The Disability Sport Wales virtual awards celebrated the outstanding inspirational achievements of athletes, organisations, coaches and volunteers – made all the more remarkable in a year where Covid-19 restrictions has disproportionately affected the lives of all of us.
The awards ceremony was held online and aired on the Disability Sport Wales’ Facebook and YouTube channels on Friday (9 April) evening – meaning that it was viewed around the world and made available to an unlimited number of people.
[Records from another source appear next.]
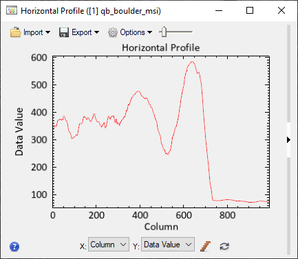Select Display > Profiles > Horizontal from the Menu bar. The Horizontal Profile plot window appears, and red crosshairs are displayed in the Image window. Again, the plot shows data values from the near-infrared band along the horizontal line in the crosshairs.
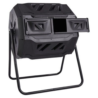 Dual Chamber, High Capacity: Our compost bin features a dual chamber with a generous capacity of 43 gallons. Perfect for large families and avid gardeners, you can simultaneously compost in one chamber while adding new organic material to the other, reducing overall composting time.
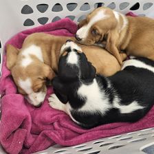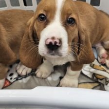 Our Basset Hound puppies include red and white, mahogany and white, and black brown and white. Dachshund puppies include piebald, cream, red, black, chocolate, brindle, blue and tan, chocolate and tan, chocolate and cream, black and tan, black and cream, and dapple. Colors will vary depending on the parent dogs.

Presented by Sam Lloyd and Paralympian Aled Davies, it was broadcast in both English and Welsh, with subtitles and BSL.
Despite Covid-19 restrictions temporarily closing clubs and postponing tournaments, Disability Sport Wales has remained very much open for business – empowering technology and taking social interaction, training sessions and the fun of playing sport online, with coaches and volunteers continuing to share their passion and experience to a willing and enthusiastic audience.
The result has seen many remarkable sporting achievements made, as the physical activity, including sport, continues to inspire, influence and include, even during a global pandemic.
Fiona Reid, CEO Disability Sport Wales, said: “It’s been a tough year but I am so excited to still be able to celebrate all the amazing achievements within disability and inclusive sport in Wales at our awards.
“Congratulations to all our winners and to everyone who was shortlisted. It was a memorable evening full of inspiring stories and despite the challenges over the last twelve months we should be exceptionally proud as a nation.”
Here are the award winners, recognised by Disability Sport Wales for their outstanding contribution to sport – both at home and on the International stage:
Insport Organisation of the Year
Winner: Welsh Rugby Union.
Greg Woods (WRU Enterprise Manager): “Wow, thank you, it’s such an honour to win Organisation of the Year. It’s such an honour for us, especially with all the other organisations and governing bodies out there in Wales that are doing some great work in community sport, to make sure people of all abilities can play sport. For us in rugby we can’t do it alone, and I’d like to thank all our partners and organisation and all our community clubs and volunteers that give up hours and hours to make sure that people can play our great sport. Thank you again, we are really humbled.”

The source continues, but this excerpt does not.